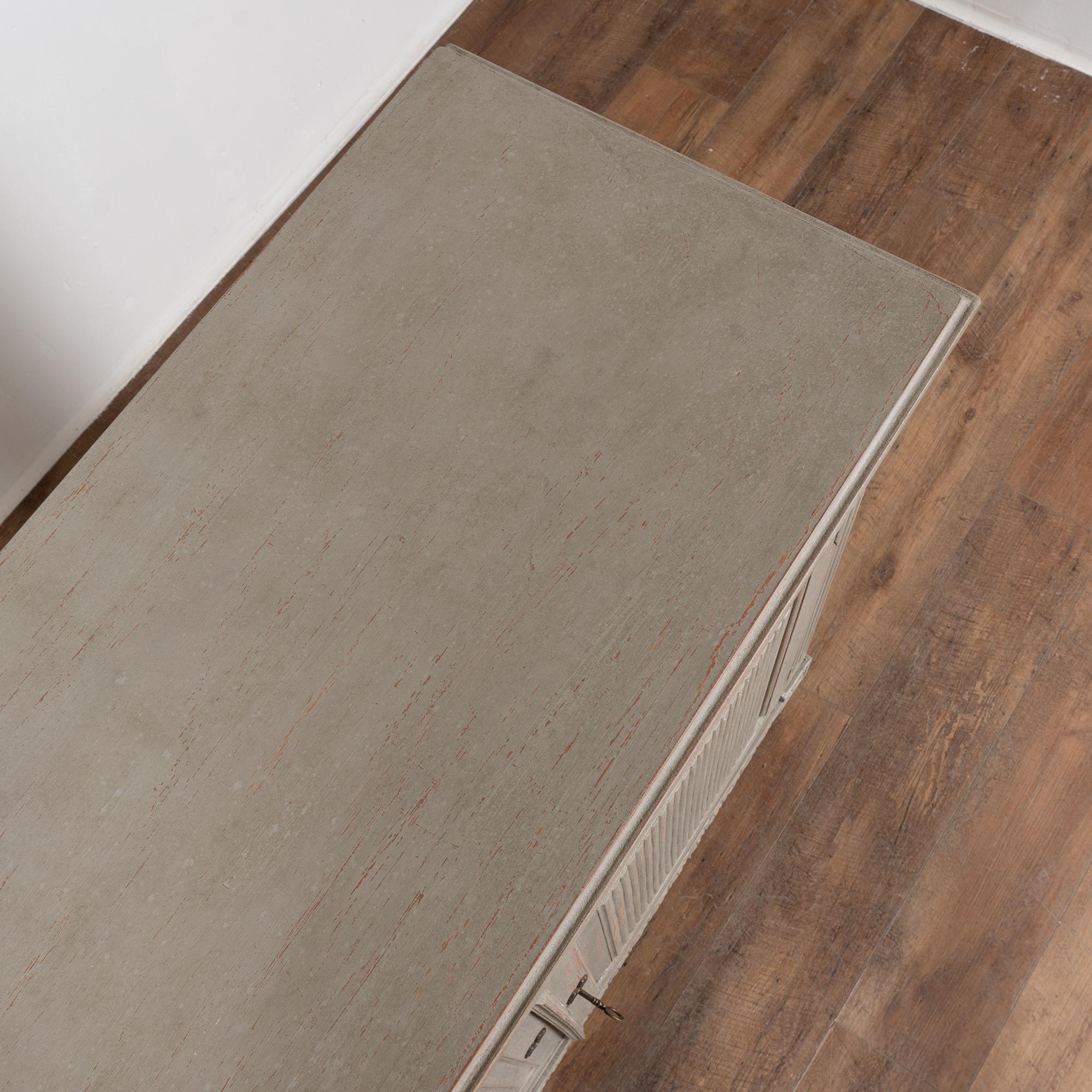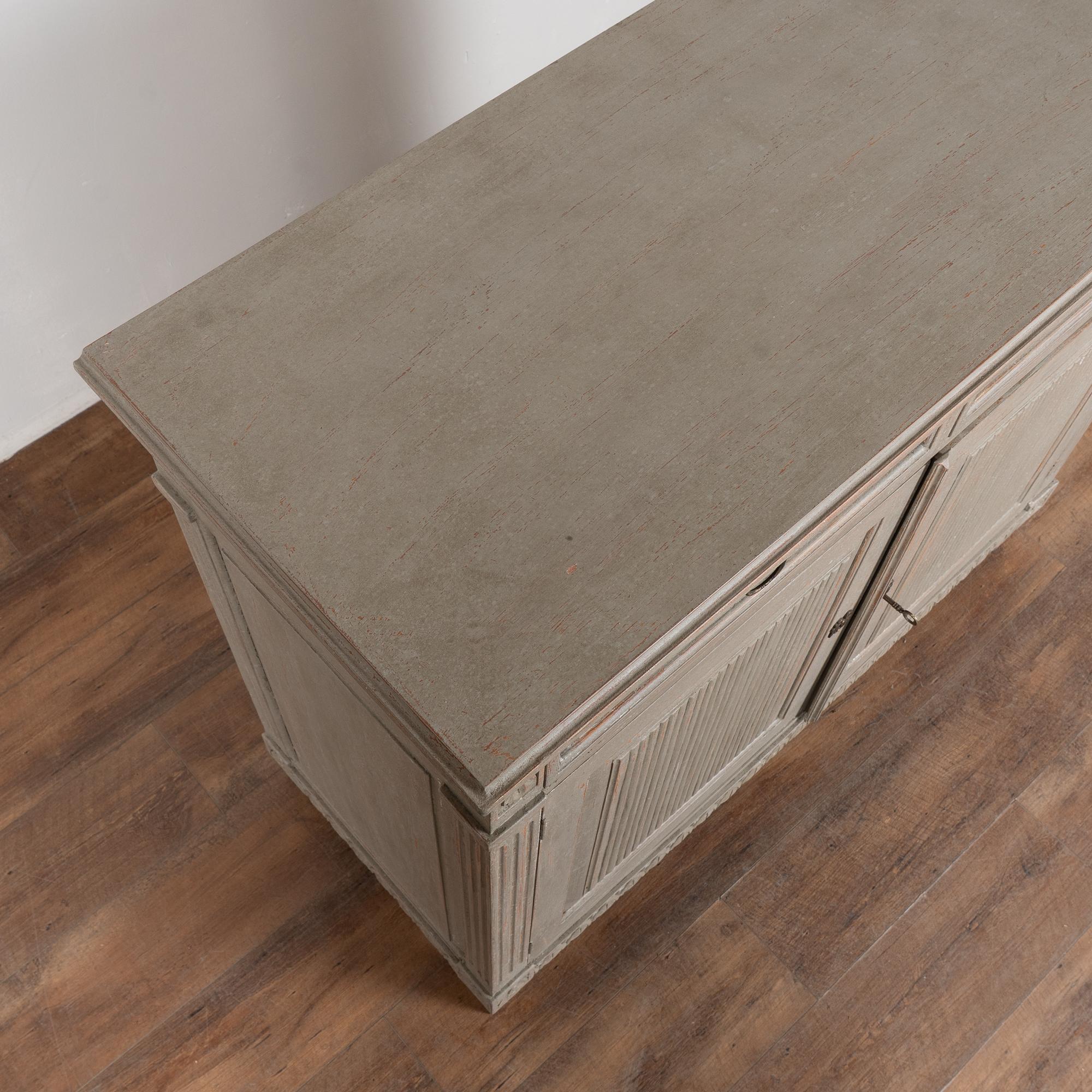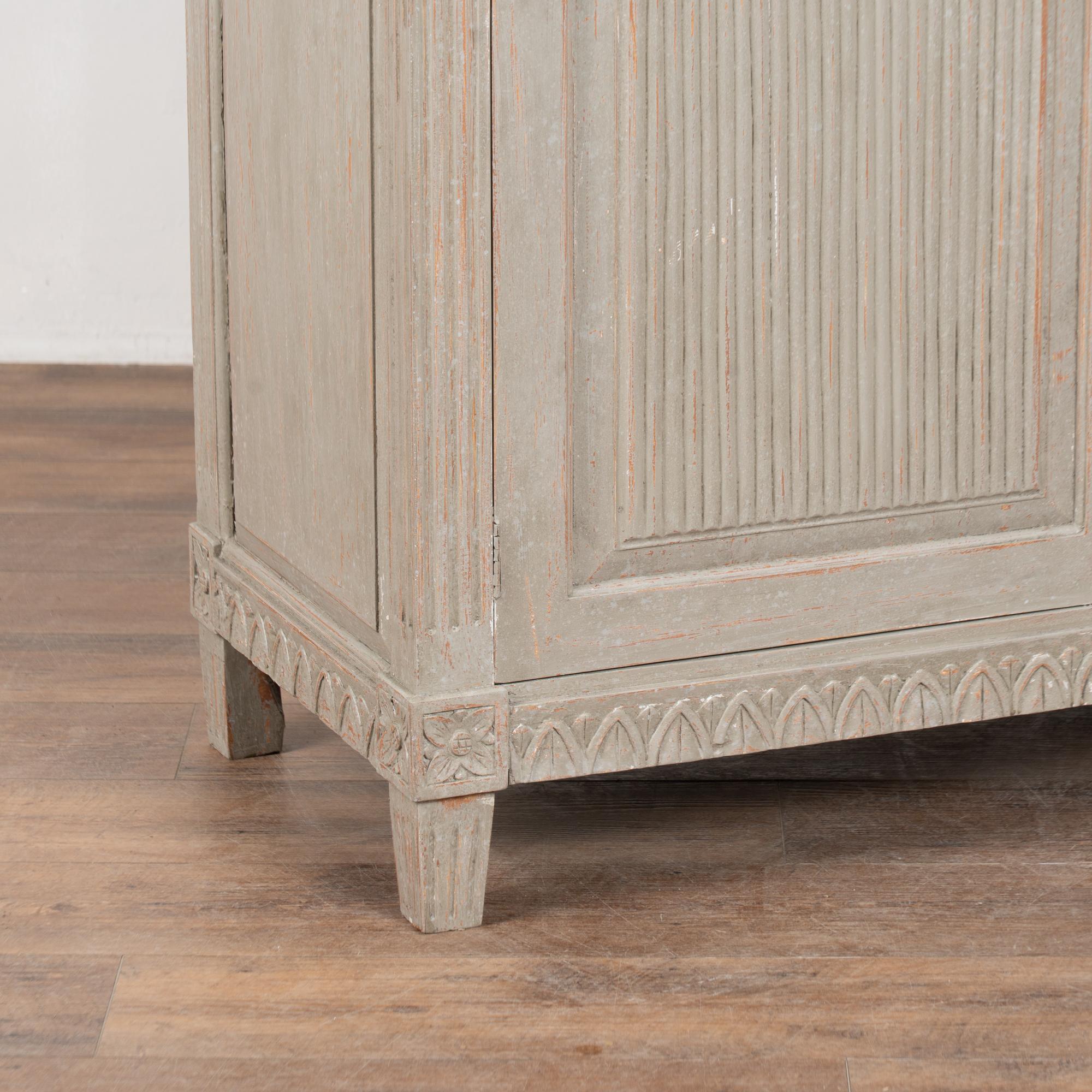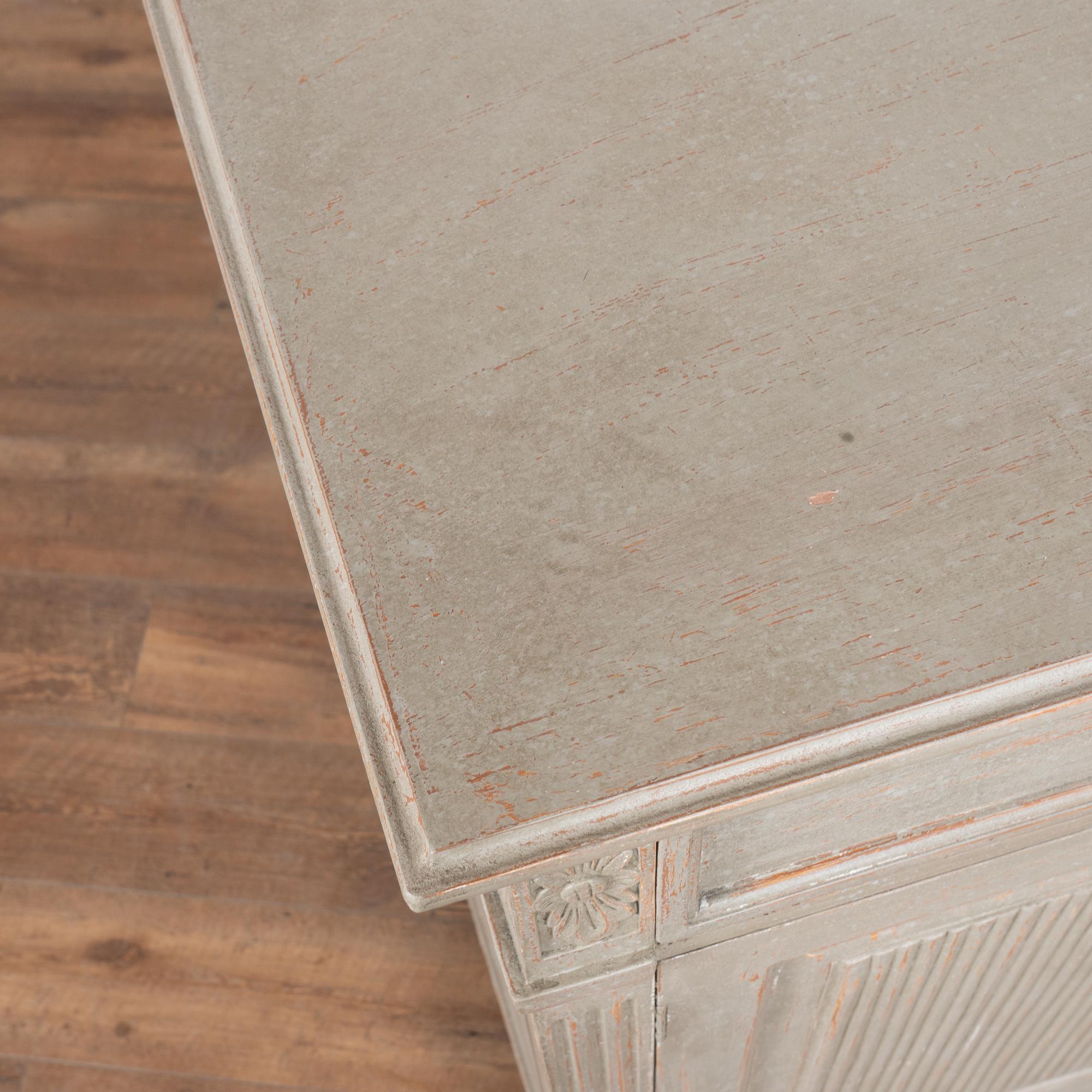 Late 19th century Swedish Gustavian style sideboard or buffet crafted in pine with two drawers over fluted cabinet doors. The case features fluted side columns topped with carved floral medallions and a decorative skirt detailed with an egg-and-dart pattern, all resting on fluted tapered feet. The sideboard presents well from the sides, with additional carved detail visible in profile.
---
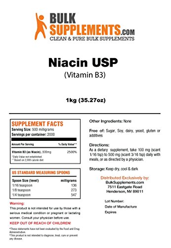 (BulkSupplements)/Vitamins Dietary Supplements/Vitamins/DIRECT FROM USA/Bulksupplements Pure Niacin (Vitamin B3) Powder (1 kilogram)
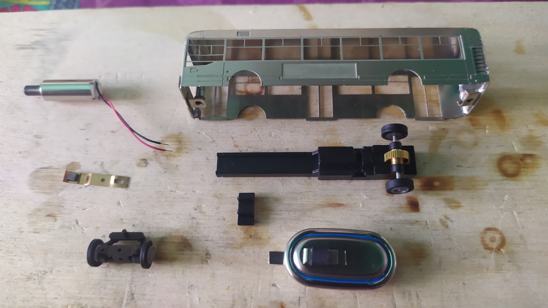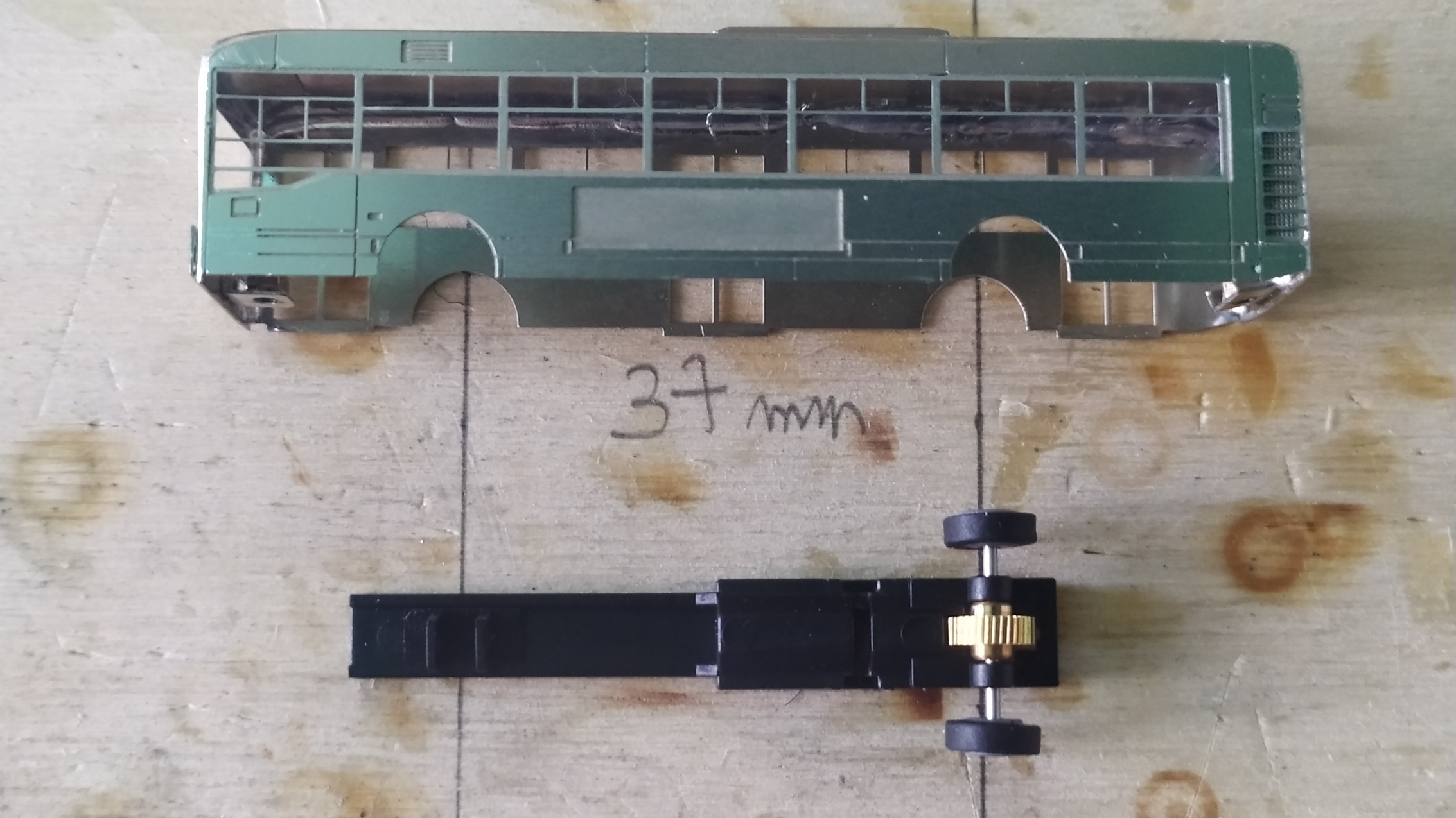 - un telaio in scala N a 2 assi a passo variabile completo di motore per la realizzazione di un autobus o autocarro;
---
__Aim of the exercise__: When you reach the line with "(BulkSupplements)/Vitamins Dietary Supplements/Vitamins/DIRECT" in the records above, begin repeating the lines exactly, and stop after the line with "- un telaio". Skip all pictures.

__Reply to the task__:
 (BulkSupplements)/Vitamins Dietary Supplements/Vitamins/DIRECT FROM USA/Bulksupplements Pure Niacin (Vitamin B3) Powder (1 kilogram)
 - un telaio in scala N a 2 assi a passo variabile completo di motore per la realizzazione di un autobus o autocarro;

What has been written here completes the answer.